▶ **EXERCISE DIRECTIONS**:
Starting at the line with "擋邊帶式輸送機其結構是在平行" and ending at the line with "More information about", print exactly the lines of the entries below. Pictures do not belong in the copy.

▶ **RECORDED DATA**:
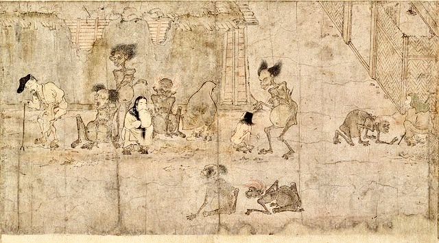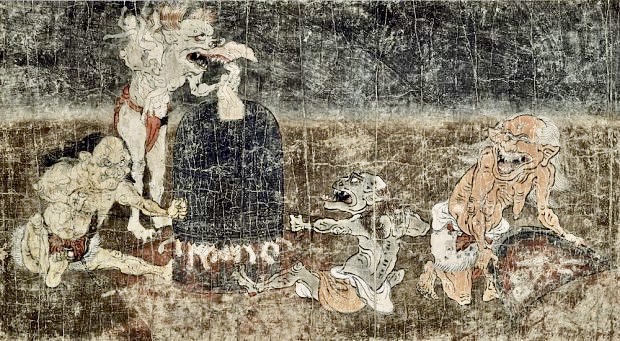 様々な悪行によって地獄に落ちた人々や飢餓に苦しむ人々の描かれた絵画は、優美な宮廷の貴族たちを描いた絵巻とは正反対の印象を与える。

--

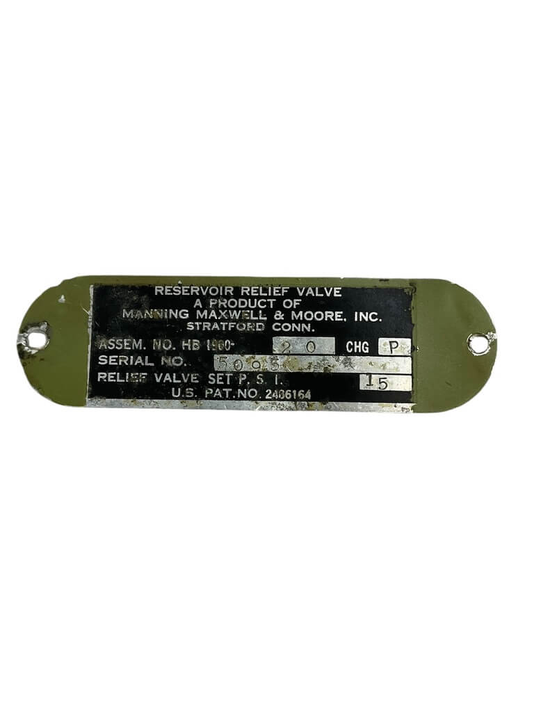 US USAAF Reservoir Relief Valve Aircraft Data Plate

* * *

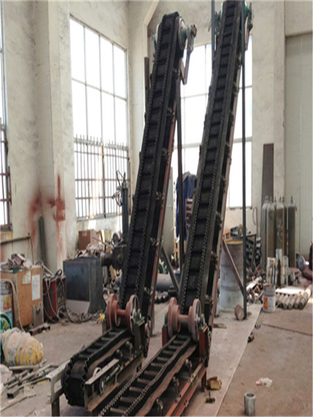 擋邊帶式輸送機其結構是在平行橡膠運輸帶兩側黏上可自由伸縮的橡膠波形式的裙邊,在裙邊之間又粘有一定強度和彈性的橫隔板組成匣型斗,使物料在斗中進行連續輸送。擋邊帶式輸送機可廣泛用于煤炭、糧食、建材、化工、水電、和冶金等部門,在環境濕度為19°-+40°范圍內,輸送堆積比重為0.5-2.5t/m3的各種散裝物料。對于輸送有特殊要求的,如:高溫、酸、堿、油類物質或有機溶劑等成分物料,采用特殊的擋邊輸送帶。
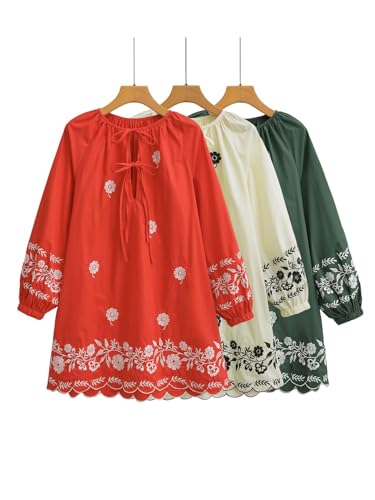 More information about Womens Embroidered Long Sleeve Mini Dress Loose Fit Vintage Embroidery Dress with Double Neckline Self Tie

▶ **EXERCISE SOLUTION**:
 擋邊帶式輸送機其結構是在平行橡膠運輸帶兩側黏上可自由伸縮的橡膠波形式的裙邊,在裙邊之間又粘有一定強度和彈性的橫隔板組成匣型斗,使物料在斗中進行連續輸送。擋邊帶式輸送機可廣泛用于煤炭、糧食、建材、化工、水電、和冶金等部門,在環境濕度為19°-+40°范圍內,輸送堆積比重為0.5-2.5t/m3的各種散裝物料。對于輸送有特殊要求的,如:高溫、酸、堿、油類物質或有機溶劑等成分物料,采用特殊的擋邊輸送帶。
 More information about Womens Embroidered Long Sleeve Mini Dress Loose Fit Vintage Embroidery Dress with Double Neckline Self Tie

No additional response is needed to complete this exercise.